What you write must match the records exactly, except for the images, which are left out.

○ ○ ○ ○ ○ ○ ○

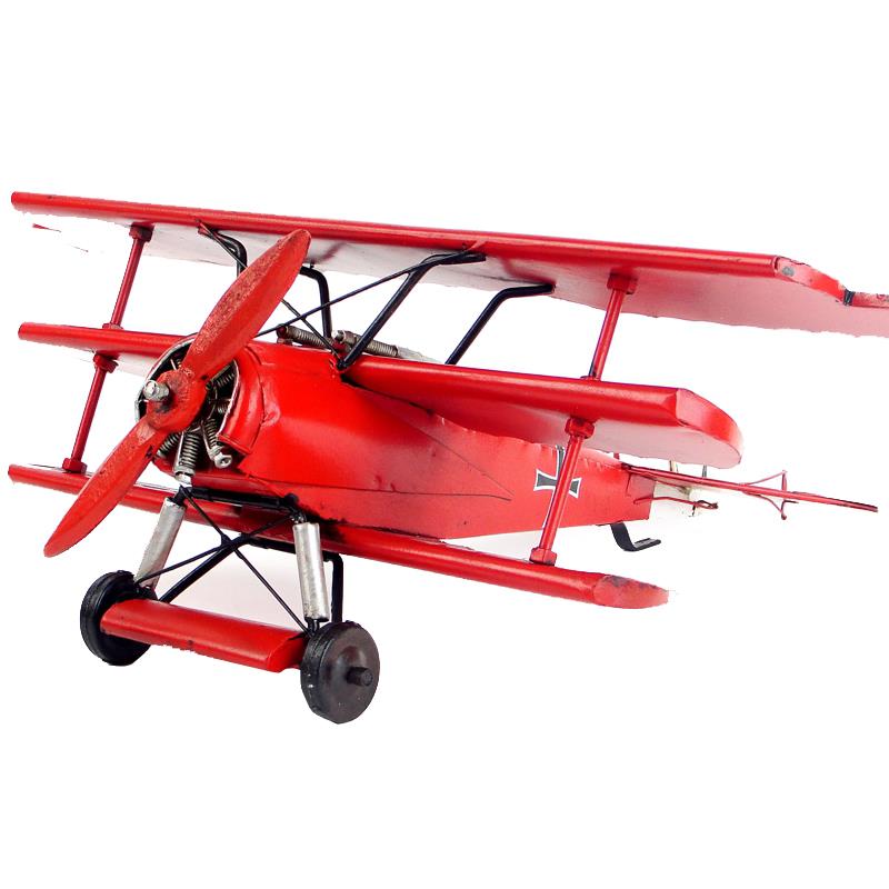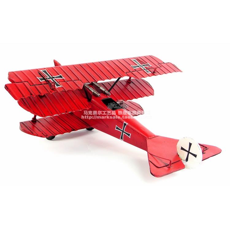 铁皮仿古飞机模型 一战德国红男爵战斗机工艺品装饰摆件道具礼物
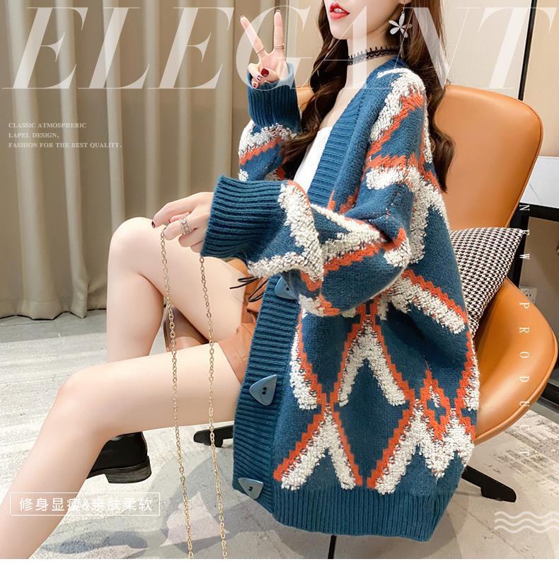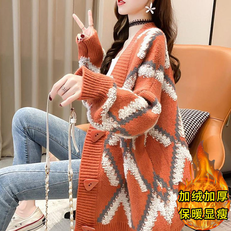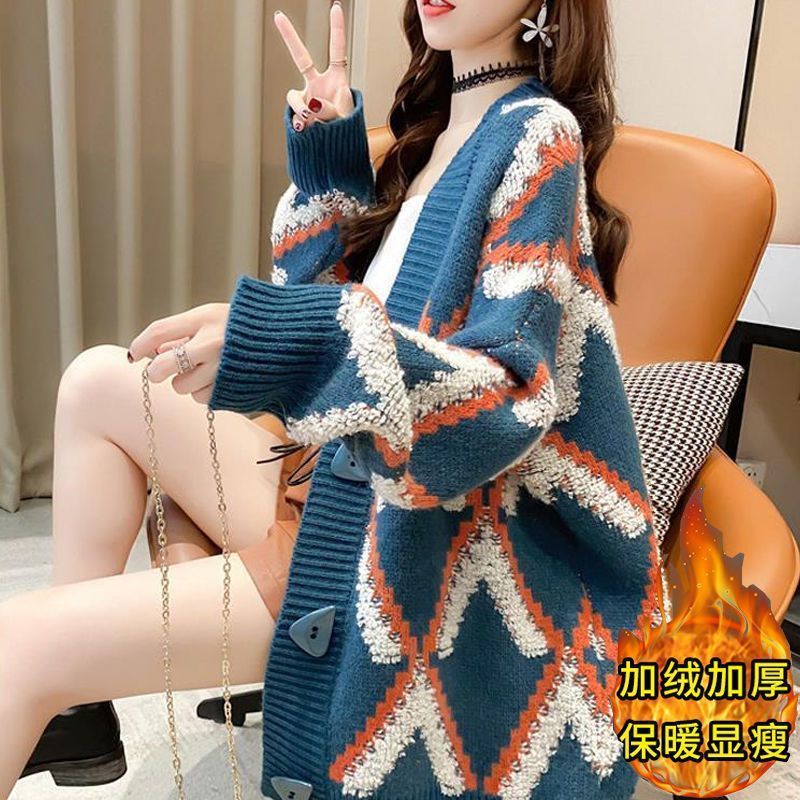 스웨터 코트 여자 가을 겨울 2023 새로운 한국 스타일 느슨한 게으른 스타일 기모 두꺼운 올매치 니트 카디건 탑스토어 가기
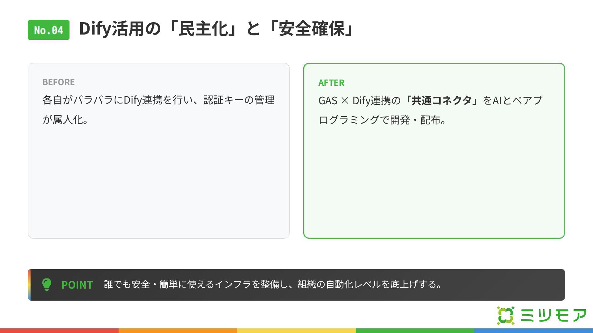 Dify活⽤の「⺠主化」と「安全確保」 POINT 誰でも安全‧簡単に使えるインフラを整備し、組織の⾃動化レベルを底上げする。 BEFORE 各⾃がバラバラにDify連携を⾏い、認証キーの管理 が属⼈化。 AFTER GAS × Dify連携の「共通コネクタ」をAIとペアプ
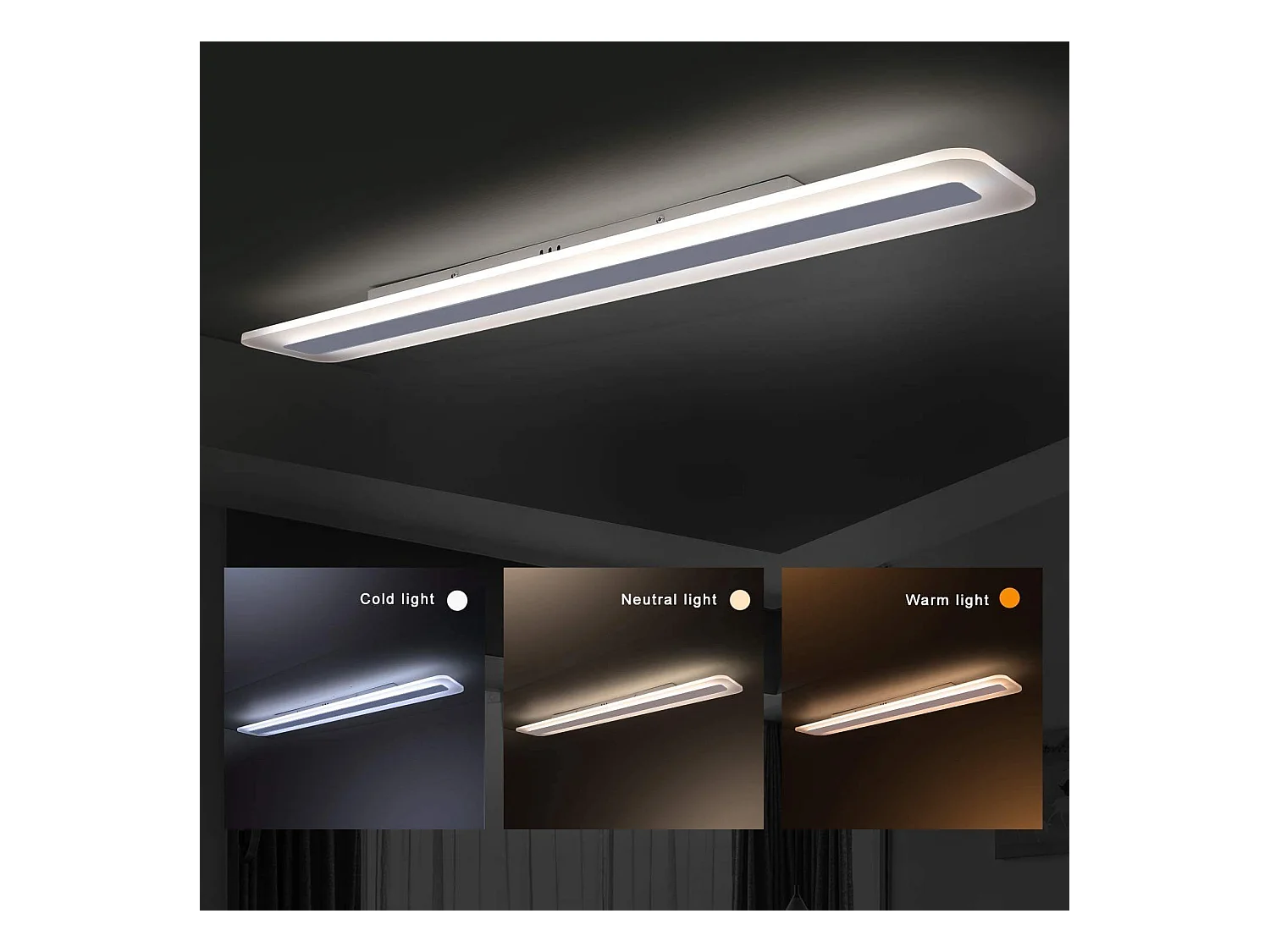NETTLIFE Plafonnier LED Moderne 80CM Blanc Long Lampe de Dimmable avec Télécommande Plat Acrylique pour Salon Chambre Bureau Cuisine
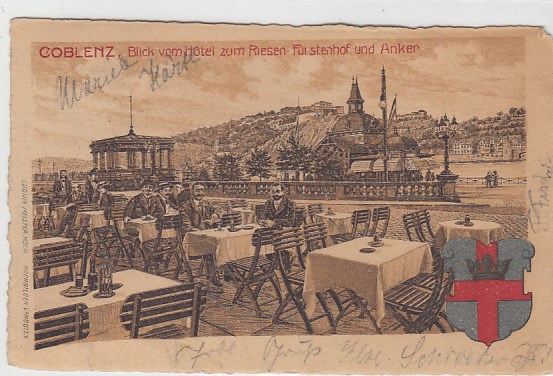 Koblenz am Rhein Riesen-Fürstenhof und Anker Wappen AK ca 1910
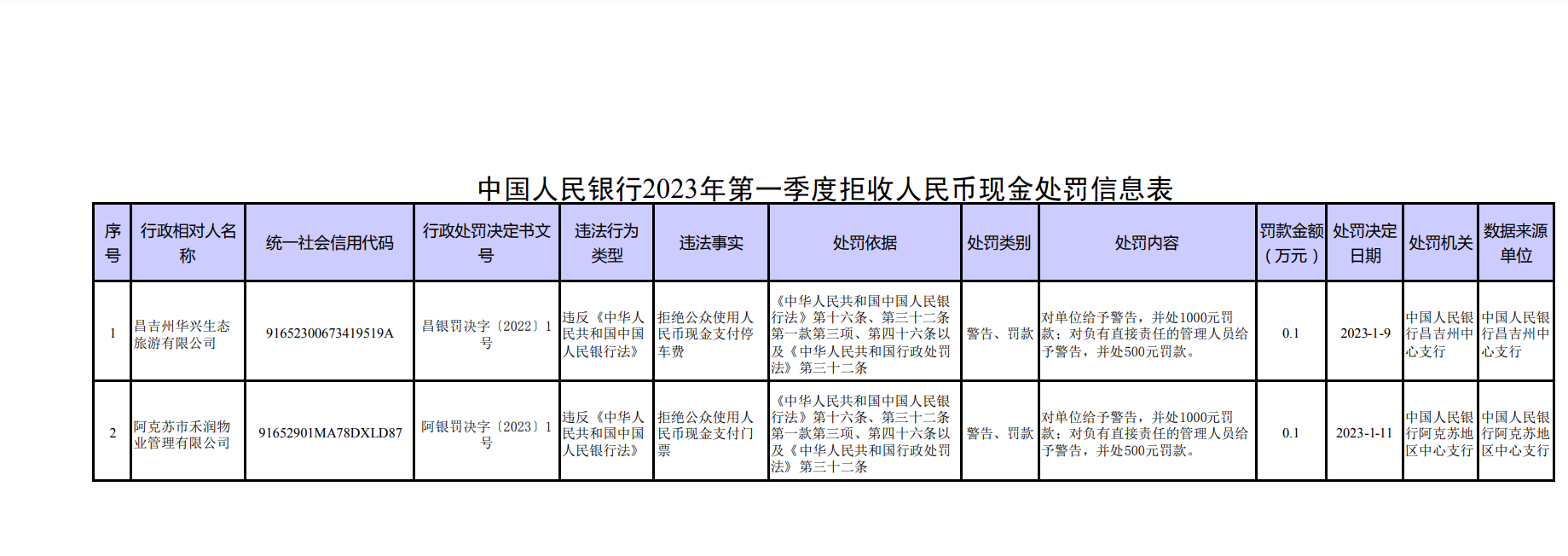 昌吉州华兴生态旅游有限公司拒绝公众使用人民币现金支付停车费,对单位给予警告,并处1000元罚款;对负有直接责任的管理人员给予警告,并处500元罚款。
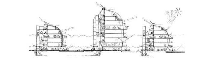 号称“海上的马车夫”的荷兰引用“航行”这一理念,使得这些建筑犹如在人工整齐的河道上扬帆航行的舰队。这种设计的目的是希望用河水围绕这些小的花园空间,既要减少海风的吹袭,而且要让每个房间充满阳光,这不仅是居住者私有空间的问题,还涉及到社会的规划理念问题。尤其是在荷兰这样国土珍贵的国家,私有空间是十分重要的,人们居住空间距离很近,半遮拦的冬季花园可以使得邻居们更愉快的交流,也更方便了孩子们玩耍。
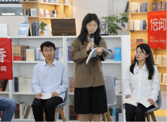 在读书分享环节,材料学院龚旭昕、黄如意、郭倩等3名同学依次为大家领读了《习近平故事》一书中《学而有思》、《30里借书》、《信仰的力量》等三个生动的小故事,引领大家感受中华文化智慧的结晶和强大的中国力量。
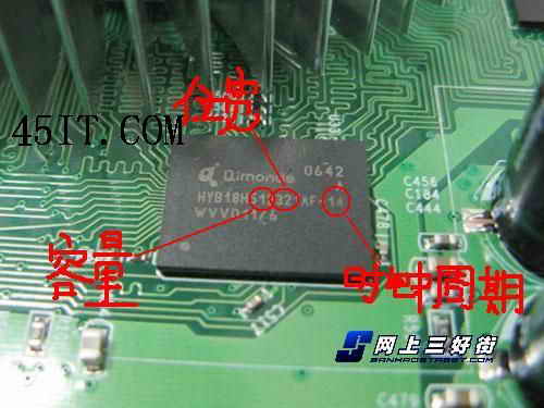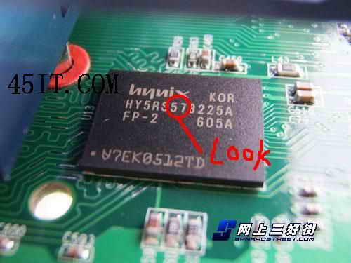 在來看看另一種非常常見的現代顯存,同三星有些不同的是,現代要看第6、7位數字,根據上面的計算公式得出的結論是:64、66表示64Mbit(8MB/顆),28=128Mbit(16MB/顆),56、57=256Mbit(32MB/顆),12=512Mbit(64MB/顆),那么這顆顯存的容量就是32MB/顆。 ]
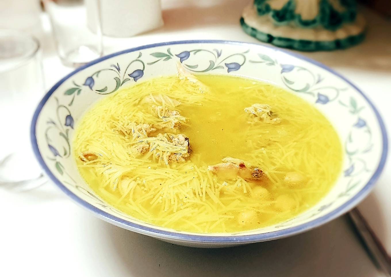 - Yo retiro la verdura cuando este y agrego los garbanzos 10 minutos más a fuego lento, si son secos ponerlos al principio, una vez hecho, a mi me gusta desmenuzar el pollo, en un cazo hacer los fideos y poner el pollo, los garbanzos y los fideos en un plato
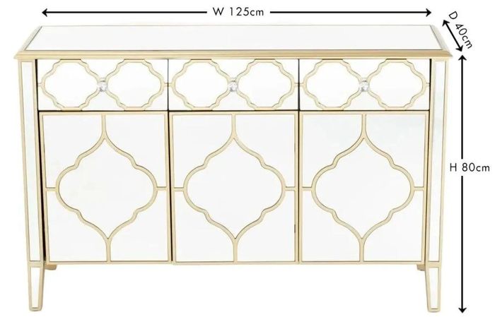 This sideboard has an elegant gold mirrored finish and has been assembled for convenience. Featuring three doors and three drawers, this large sideboard offers plenty of storage space. It is made of a durable MDF material to ensure lasting use and a luxurious look in any space.

○ ○ ○ ○ ○ ○ ○

▶ [Solution to this task]:
 铁皮仿古飞机模型 一战德国红男爵战斗机工艺品装饰摆件道具礼物
 스웨터 코트 여자 가을 겨울 2023 새로운 한국 스타일 느슨한 게으른 스타일 기모 두꺼운 올매치 니트 카디건 탑스토어 가기
 Dify活⽤の「⺠主化」と「安全確保」 POINT 誰でも安全‧簡単に使えるインフラを整備し、組織の⾃動化レベルを底上げする。 BEFORE 各⾃がバラバラにDify連携を⾏い、認証キーの管理 が属⼈化。 AFTER GAS × Dify連携の「共通コネクタ」をAIとペアプ
NETTLIFE Plafonnier LED Moderne 80CM Blanc Long Lampe de Dimmable avec Télécommande Plat Acrylique pour Salon Chambre Bureau Cuisine
 Koblenz am Rhein Riesen-Fürstenhof und Anker Wappen AK ca 1910
 昌吉州华兴生态旅游有限公司拒绝公众使用人民币现金支付停车费,对单位给予警告,并处1000元罚款;对负有直接责任的管理人员给予警告,并处500元罚款。
 号称“海上的马车夫”的荷兰引用“航行”这一理念,使得这些建筑犹如在人工整齐的河道上扬帆航行的舰队。这种设计的目的是希望用河水围绕这些小的花园空间,既要减少海风的吹袭,而且要让每个房间充满阳光,这不仅是居住者私有空间的问题,还涉及到社会的规划理念问题。尤其是在荷兰这样国土珍贵的国家,私有空间是十分重要的,人们居住空间距离很近,半遮拦的冬季花园可以使得邻居们更愉快的交流,也更方便了孩子们玩耍。
 在读书分享环节,材料学院龚旭昕、黄如意、郭倩等3名同学依次为大家领读了《习近平故事》一书中《学而有思》、《30里借书》、《信仰的力量》等三个生动的小故事,引领大家感受中华文化智慧的结晶和强大的中国力量。
 在來看看另一種非常常見的現代顯存,同三星有些不同的是,現代要看第6、7位數字,根據上面的計算公式得出的結論是:64、66表示64Mbit(8MB/顆),28=128Mbit(16MB/顆),56、57=256Mbit(32MB/顆),12=512Mbit(64MB/顆),那么這顆顯存的容量就是32MB/顆。 ]
 - Yo retiro la verdura cuando este y agrego los garbanzos 10 minutos más a fuego lento, si son secos ponerlos al principio, una vez hecho, a mi me gusta desmenuzar el pollo, en un cazo hacer los fideos y poner el pollo, los garbanzos y los fideos en un plato
 This sideboard has an elegant gold mirrored finish and has been assembled for convenience. Featuring three doors and three drawers, this large sideboard offers plenty of storage space. It is made of a durable MDF material to ensure lasting use and a luxurious look in any space.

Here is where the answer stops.